The claim that Nginx is faster because it "hands off" processing to some other server is simply ludicrous. Apache does the same thing. The only difference is the protocol they use to communicate with that other process. Apache uses a binary API to pass information to PHP, Perl, Python, etc. Nginx uses HTTP or FastCGI. The processing of dynamic content is still done by the other process, not Apache or Nginx. Further, because Nginx uses less CPU and RAM, there are more resources available for that other process to use to get its job done. Frankly, this assertion left me flabbergasted. It's actually really difficult for me to believe that someone could have such a poor understanding of such a simple software stack.

Finally, I'm going to address the author's grudging allowance that Nginx might be faster ("grumble, grumble") for static content by simply asserting that Nginx stomps an absolute mudhole in Apache when it comes to overall performance.

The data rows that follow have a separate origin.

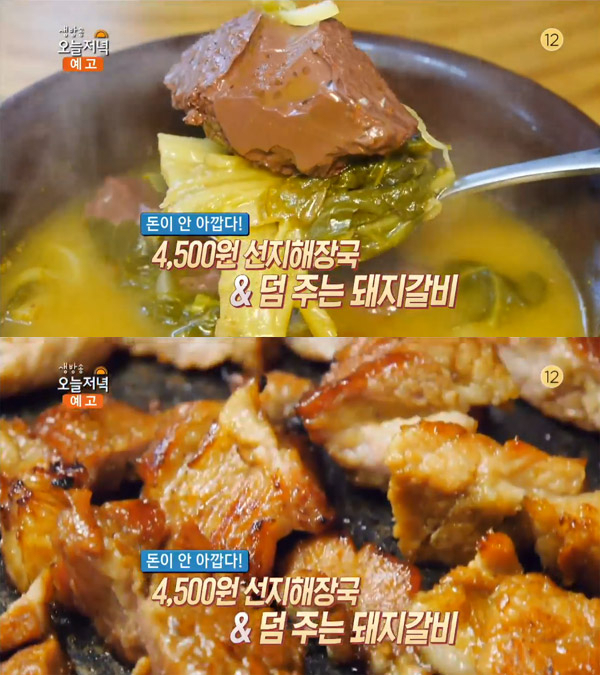 12일 방송된 MBC '생방송 오늘 저녁'에서는 '돈이 안 아깝다!' 코너를 통해 '4500원 무한리필 선지해장국& 돼지갈비 먹으면 매운 갈비찜이 공짜!' 편이 소개됐다.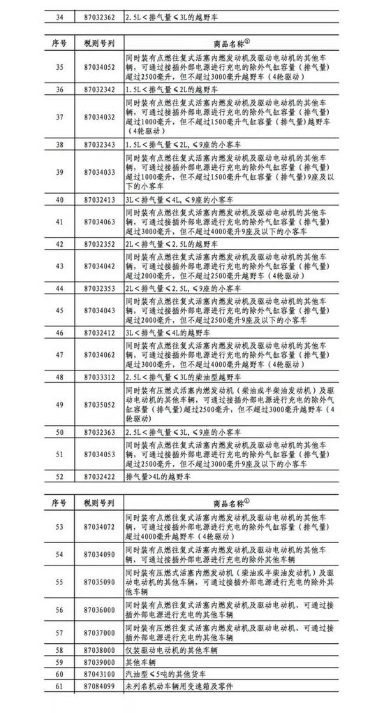 4月4日公示之汽车品类清单需要说明的是,按照加税商品清单,能躲过加税的,只有纯内燃机的小轿车,而电动和混动,不管什么车型,统统面临加税。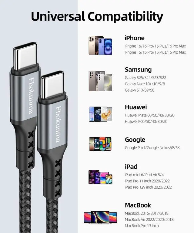 Compatibility: Fbokunma usbc to usbc cable is compatible for iPhone 16 15 for MacBook for iPad for Galaxy S24 S24+ S24 Ultra S23 S22 S21 S20 A54 A53 A15 A14 Note 20 10 Z Flip/Fold 6 5 4 3 for Pixel 9 8 7 6 5Package included: You will get 4 pack 8inch/ 0.6 ft durable USB C to USB C Cable

We aren't discussing a few KB/s faster or a few requests/second faster, we are discussing hundreds to thousands of requests per second faster for static content (depending on your hardware), all while using a fraction of the CPU and RAM Apache does before it fails.

Anyway. I'm going to try to forget I read this pile of rubbish. If the author wants to believe that Apache is better, so be it. I just find it unfortunate that a certain percentage of clueless people will find the article informative.